(Recorded data)

· · · ·

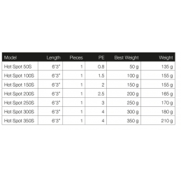 La serie Hot Spot es un conjunto de cañas diseñadas para la pesca Slow Jigging. Son cañas de alta calidad con los mejores componentes Fuji. Toda la serie HOT SPOT S incorpora anillas monopie Fuji SIC y portacarretes fijo. Estas cañas son extremadamente ligeras y a la vez muy potentes.
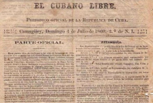 Con el estallido de la Guerra de los Diez Años surgió El Cubano Libre, periódico fundado a iniciativa del Padre de la Patria, Carlos Manuel de Céspedes, cuyo primer número fue publicado el 17 de octubre de 1868 y bautizado con ese nombre por el poeta y periodista José Joaquín Palma, cuando dijo: “¿No vamos a libertar al cubano? El periódico; pues, debe llamarse El Cubano Libre”.
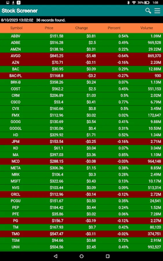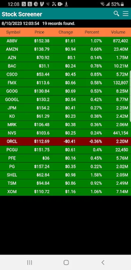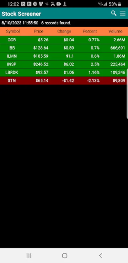 The app currently support over 6,000 stocks, ETFs and ADRs on the US markets. Intraday data for the screening are processed and refreshed every 2 to 3 minutes when markets open.
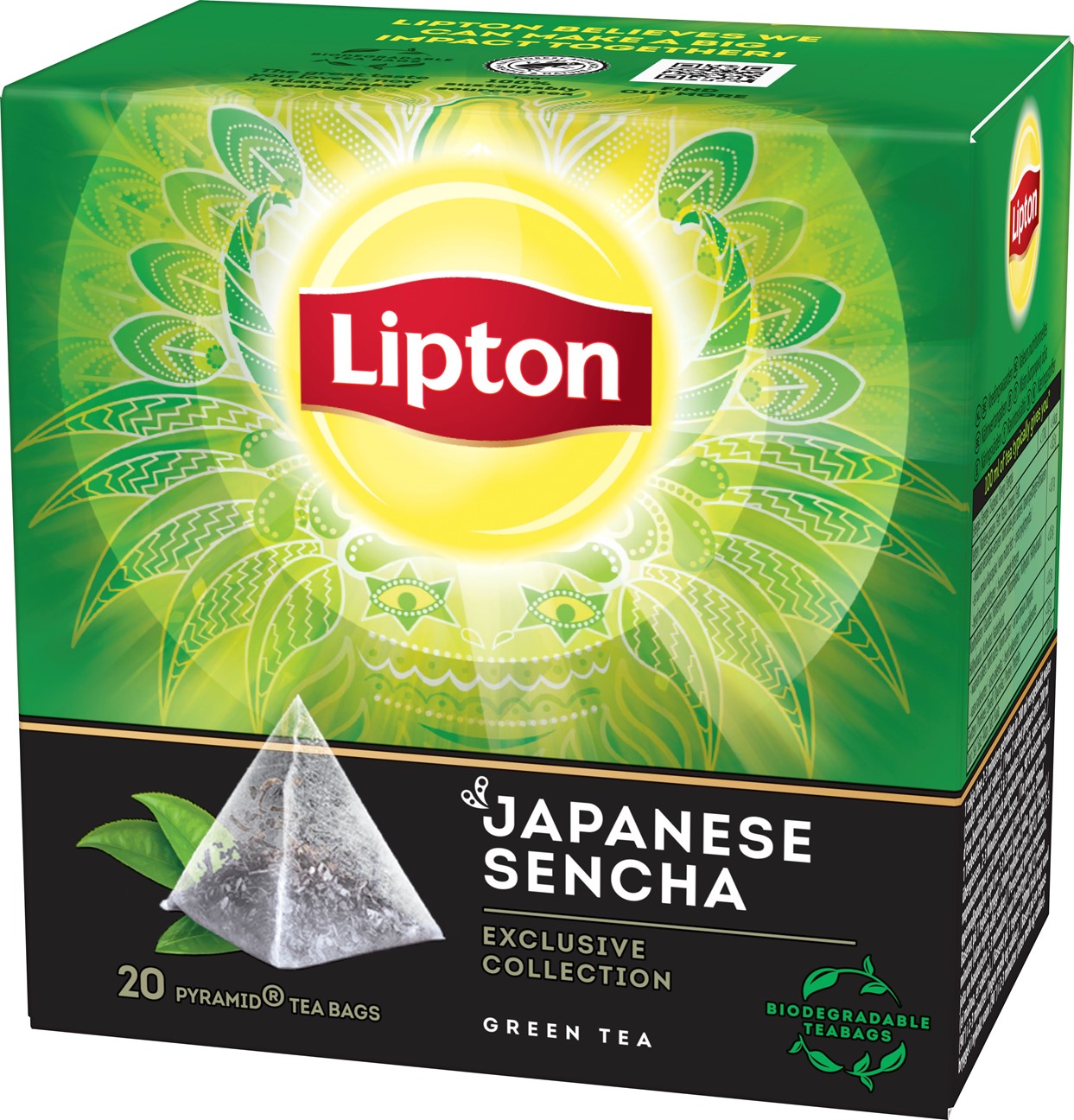 Lipton Green Sencha 20-pack är ett grönt te i pyramidpåsar utan kuvert från Rainforest Alliance certifierade plantage. Teet har en perfekt balans mellan rik tearom av Japansk senchate och rosenblad. Pyramidpåsen gör att de stora tebladen kommer till sin rätt. Påsens pyramidform efterliknar en tesil vilket underlättar för det heta vattnet att strömma genom påsen och ger en smakrik kopp te när du är sugen på något gott.
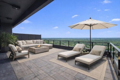 Sliding doors lead to the showpiece of this home. A massive 1,042 square foot, south-facing private terrace offering unobstructed views over lush green space, tranquil water, and miles of trails. Designed for unforgettable gatherings or peaceful moments alike, this outdoor retreat easily accommodates multiple seating areas. Whether hosting under the stars or enjoying a quiet morning coffee, this terrace isn’t just an extension of the living space, it’s your serene retreat from the hustle and bustle of everyday life!
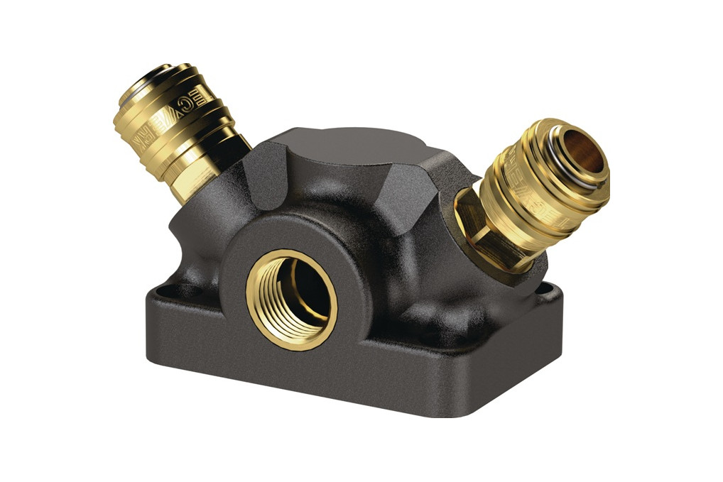 Endverteilerdose Gew.G 1/2 Zoll/19,17mm IG,2 Kupplungen DN 7,2 TECWERKmit fertig konfektionierten Messing-Schnellverschlusskupplungen · mit einem robusten Messing-Gewindeeinsatz für hohe Anzugsmomente

· · · ·

**EXERCISE REQUIREMENTS**.
Your answer must be an exact copy of the lines from the one with "Con el estallido" through the final line of the data, both included, without any pictures.

**REPLY TO THE TASK**.
 Con el estallido de la Guerra de los Diez Años surgió El Cubano Libre, periódico fundado a iniciativa del Padre de la Patria, Carlos Manuel de Céspedes, cuyo primer número fue publicado el 17 de octubre de 1868 y bautizado con ese nombre por el poeta y periodista José Joaquín Palma, cuando dijo: “¿No vamos a libertar al cubano? El periódico; pues, debe llamarse El Cubano Libre”.
 The app currently support over 6,000 stocks, ETFs and ADRs on the US markets. Intraday data for the screening are processed and refreshed every 2 to 3 minutes when markets open.
 Lipton Green Sencha 20-pack är ett grönt te i pyramidpåsar utan kuvert från Rainforest Alliance certifierade plantage. Teet har en perfekt balans mellan rik tearom av Japansk senchate och rosenblad. Pyramidpåsen gör att de stora tebladen kommer till sin rätt. Påsens pyramidform efterliknar en tesil vilket underlättar för det heta vattnet att strömma genom påsen och ger en smakrik kopp te när du är sugen på något gott.
 Sliding doors lead to the showpiece of this home. A massive 1,042 square foot, south-facing private terrace offering unobstructed views over lush green space, tranquil water, and miles of trails. Designed for unforgettable gatherings or peaceful moments alike, this outdoor retreat easily accommodates multiple seating areas. Whether hosting under the stars or enjoying a quiet morning coffee, this terrace isn’t just an extension of the living space, it’s your serene retreat from the hustle and bustle of everyday life!
 Endverteilerdose Gew.G 1/2 Zoll/19,17mm IG,2 Kupplungen DN 7,2 TECWERKmit fertig konfektionierten Messing-Schnellverschlusskupplungen · mit einem robusten Messing-Gewindeeinsatz für hohe Anzugsmomente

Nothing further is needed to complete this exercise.